Denial is one of those handsomely mounted Oscar bait dramas with recognizable actors that we respect and a poignant subject matter that we are required to take seriously if we hope to be respectable humans. So it is in theory impervious to criticism. After all, it reminds us all that we believe in the right things and are good people. Plus it’s based on a true story, so it has to be important, right? Meh…not so much. Mick Jackson’s souped up TV movie is too dull to respect, even with a few strong performances.
The film is about the evils of holocaust denial. Specifically David Irving (Timothy Spall), a British dingbat and military historian who dedicated his “career” to racism in the form of allegedly historical facts proving the falsehood of the Holocaust. Of course, printing that statement is theoretically libellous, which genuine holocaust historian Deborah E. Lipstadt (Rachel Weisz) discovered when she wrote a book featuring passages denouncing him. That meant she had to go to court in the UK and due to the peculiarities of local laws, the onus was on her to prove Irving’s guilt. Thankfully, she got a crack British law team to do the job and since they are played by talented British thespians like Andrew Scott and Tom Wilkinson, you know they’re good!
There aren’t really any surprises in Denial at any point.
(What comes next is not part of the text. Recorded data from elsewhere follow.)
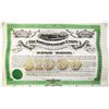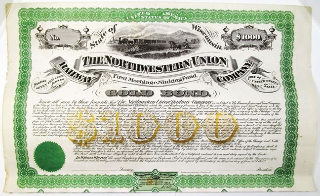 Wisconsin, 1872. $1000 Unmarked Specimen 7% First Mortgage Sinking Fund Gold Coupon Bond, Ornate and attractive Black text with green border and metallic gold underprint, Train passing by man plowing with horses in field at top center. 90 coupons attached to bottom. The bottom 2 rows have POC's but evidently they gave up punching the balance of the bond. VF condition, Henry Seibert & Bros. Unlisted railroad in Cox, Very Rare unmarked specimen from a new find with only 3 examples of this denomination found for this railroad.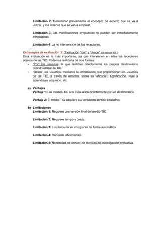 El documento describe tres estrategias para evaluar los medios TIC: 1) Autoevaluación por los productores, que permite mejorar el material de forma continua pero puede ser subjetiva, 2) Juicio de expertos, que aporta opiniones cualificadas pero depende de los expertos seleccionados, 3) Evaluación por y desde los usuarios, que es la más importante porque involucra a los destinatarios pero requiere más tiempo y recursos.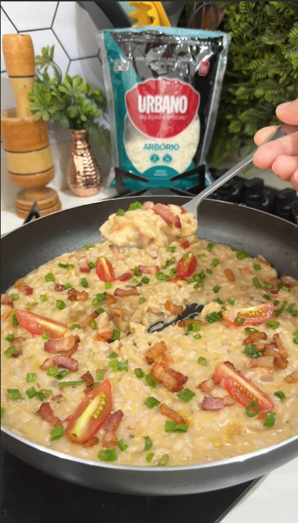 Comece fritando o bacon e, assim que estiver pronto, reserve. Na mesma panela, doure a cebola, o alho-poró e o alho. Acrescente o Arroz Arbório Urbano, refogue um pouco e adicione o vinho, mexendo até que evapore. Em seguida, comece a acrescentar o caldo aos poucos, colocando duas conchas de cada vez e mexendo sempre. Quando o caldo secar, adicione mais e continue mexendo até o arroz atingir o ponto desejado — costumamos deixar al dente. Finalize acrescentando a manteiga e o requeijão, misture bem e depois adicione o queijo. Volte com o bacon, envolva tudo e, para decorar, coloque mais bacon por cima, tomate e cebolinha. Sirva em seguida. Bom apetite!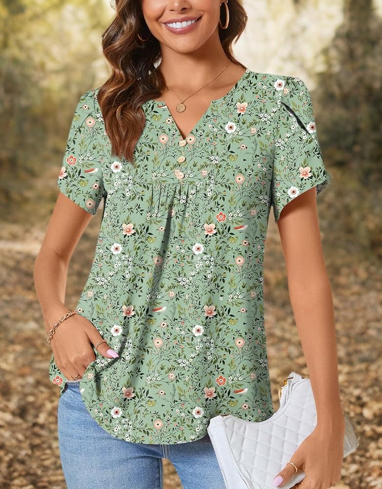 Feature: Women's petal short sleeve tops, cute v-neck design, good wear resistance, less prone to pilling and wrinkles, comfortable yet elegant.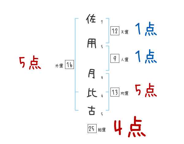 外運![]() | 佐用月比古さんの外運は16画の5つ星!人望が厚く大きく発展する。逆転成功が見える。 生活面を象徴する運勢です。外部から受ける影響力を表し、結婚運、家庭運や職場、環境への順応性を表します。 |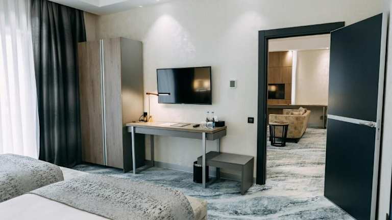 In der Unterkunft Rixos Turkistan sind alle Zimmer mit einem Schreibtisch und einem TV ausgestattet. Einige Zimmer verfügen über eine Küchenzeile mit Kühlschrank, Mikrowelle und Minibar. Die Ausstattungen umfassen auch Bettwäsche und Handtücher.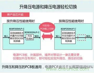 該芯片組融入了Quick Buck Booster技術(shù),從而可實(shí)現(xiàn)以往無法實(shí)現(xiàn)的升降壓電源和降壓電源的電源PCB板、外圍部件、噪聲對(duì)策的通用設(shè)計(jì)。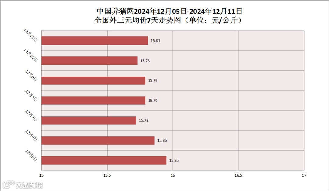 其他生猪品种方面,生猪内三元均价为15.86元/公斤,价格较昨日(15.90元/公斤)下跌了0.04元/公斤;生猪土杂猪均价为15.71元/公斤,价格较昨日(15.73元/公斤)下跌了0.02元/公斤。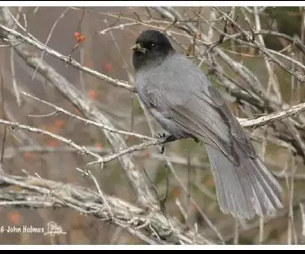 黑头噪鸦(学名:Perisoreus internigrans)是鸦科噪鸦属的鸟类,体形似乌鸦但较小。体羽呈黑及灰褐色,通体无鲜亮色调。尾甚短。与北噪鸦的区别在体羽全灰,嘴钝短,两翼、腰及尾少棕色。虹膜褐色;嘴黄橄榄色至角质色;脚黑色。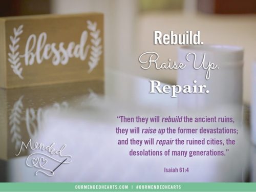 Great questions. We believe that because often mothers and daughters can be so different (just like any two children in the household from the same family!) that we can clash over our choices, and our differences can drive us apart rather than closer together. If there was ever any lack of love or attention to a daughter, she probably feels like there is an invisible wall between her and her mom. Or a mom might feel like how she handled her daughter, even to the best she could at the time, hasn’t been enough and she feels frustrated not only in her relationship with her daughter but also at how her daughter is leading her life. We see that God intends for us to break down walls and the devastation that has come between us and to rebuild! Just like the verse that’s the basis for our book Mended, Isaiah 58:12: “Your people will rebuild the ancient ruins and will raise up the age-old foundations; you will be called Repairer of Broken Walls, Restorer of Streets with Dwellings.”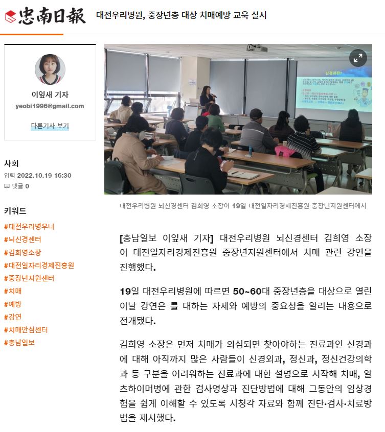 [Ãæ³²ÀϺ¸] ´ëÀü¿ì¸®º´¿ø, ÁßÀå³âÃþ ´ë»ó Ä¡¸Å¿¹¹æ ±³À° ½Ç½Ã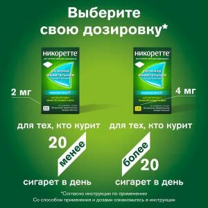 - жевательной резинкой «Никоретте® » 4 мг (повышенное содержание никотина) следует пользоваться, если Вы выкуриваете более 20 сигарет в день или Вам не удалось бросить курить при использовании жевательной резинки в дозе 2 мг.
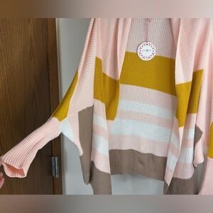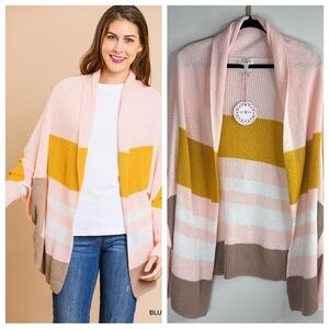 Umgee NWT color block knit open front cardigan. Chic colorblock cardigan with open front. Features pink, yellow, and tan hues. Perfect for layering and casual wear. 100% cotton.

Even if you’ve never heard of the story before, you know exactly how it will end. This isn’t really a movie for serious cinephiles. It’s more for the casual folks who aren’t looking for interesting technique or challenging storytelling. You know, the type of audience who likes to have their cozy world confirmed after feigning outrage momentarily. That’s fine, it’ll work for them and Timothy Spall is quite good in a snooty British snake-charmer way. Unfortunately, there’s really nothing here to get particularly excited or enraged about. It’s a decidedly average affair all around. Ho-hum. Ah well.